We will simulate a search on the official Python website.

In [14]:
import selenium

# The selenium.webdriver module provides all the implementations of WebDriver
# Currently supported are Firefox, Chrome, IE and Remote. The `Keys` class provides keys on
# the keyboard such as RETURN, F1, ALT etc.
from selenium import webdriver
from selenium.webdriver.common.keys import Keys

# Here, we create instance of Firefox WebDriver.
driver = webdriver.Firefox()

# The driver.get method will lead to a page given by the URL. WebDriver will wait until the page is fully
# loaded (i.e. the "onload" event has been triggered) before returning the control to your script.
# It should be noted that if your page uses a lot of AJAX calls when loading, WebDriver may not know
# when it was fully loaded.
driver.get("http://www.python.org")

# The following line is a statement confirming that the title contains the word "Python".
assert "Python" in driver.title

# WebDriver offers several methods to search for items using one of the methods
# `find_element_by_...` .
# For example, the input text element can be located by its name attribute by
# using the `find_element_by_name` method.

driver.find_element(By.NAME, 'q').send_keys("pycon")
#driver.find_element(by=by.Name, value=name)

# Then we send keys.
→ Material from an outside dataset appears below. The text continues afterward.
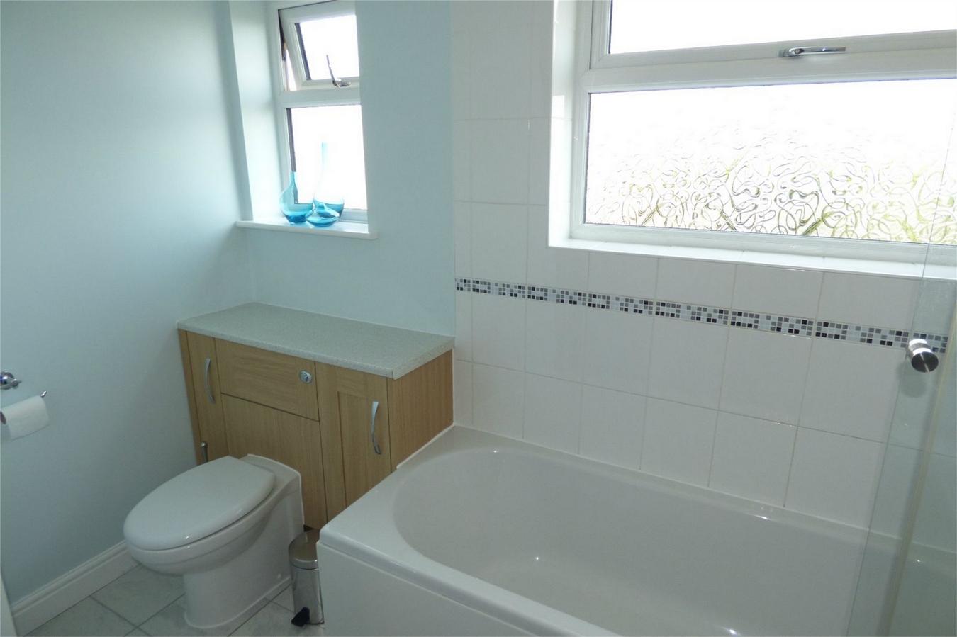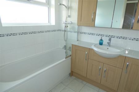Being part tiled to the walls and having a modern white suite comprising a panelled bath with shower over, wash hand basin with cupboard below and low level WC. Central heating radiator, heated towel rail and two upvc sealed unit double glazed windows.

This is similar to entering keys using your keyboard.
# Special keys can be sent using the `Keys` class imported in line 7 (from selenium.webdriver.common.keys import Keys).
# For security reasons, we will delete any pre-filled text in the input field
# (for example, "Search") so that it does not affect our search results:
#elem.clear()
#elem.send_keys("pycon")
#elem.send_keys(Keys.RETURN)

# After submitting the page, you should get the result if there is one. To ensure that certain results
# are found, make an assertion:
assert "No results found." not in driver.page_source
driver.close()

#### Open the source code of the webpage and check that the search area (field) is called "q".

In [20]:
import requests
from bs4 import BeautifulSoup

url = "http://www.python.org"
r = requests.get(url)
print(url, r.status_code)
soup = BeautifulSoup(r.content, "lxml")
soup

http://www.python.org 200


<!DOCTYPE html>
<!--[if lt IE 7]>   <html class="no-js ie6 lt-ie7 lt-ie8 lt-ie9">   <![endif]--><!--[if IE 7]>      <html class="no-js ie7 lt-ie8 lt-ie9">          <![endif]--><!--[if IE 8]>      <html class="no-js ie8 lt-ie9">                 <![endif]--><!--[if gt IE 8]><!--><html class="no-js" dir="ltr" lang="en"> <!--<![endif]-->
<head>
<meta charset="utf-8"/>
<meta content="IE=edge" http-equiv="X-UA-Compatible"/>
<link href="//ajax.googleapis.com/ajax/libs/jquery/1.8.2/jquery.min.js" rel="prefetch"/>
<link href="//ajax.googleapis.com/ajax/libs/jqueryui/1.12.1/jquery-ui.min.js" rel="prefetch"/>
<meta content="Python.org" name="application-name"/>
<meta content="The official home of the Python Programming Language" name="msapplication-tooltip"/>
<meta content="Python.org" name="apple-mobile-web-app-title"/>
<meta content="yes" name="apple-mobile-web-app-capable"/>
<meta content="black" name="apple-mobile-web-app-status-bar-style"/>
<meta content="width=device-width, initial-scale=1.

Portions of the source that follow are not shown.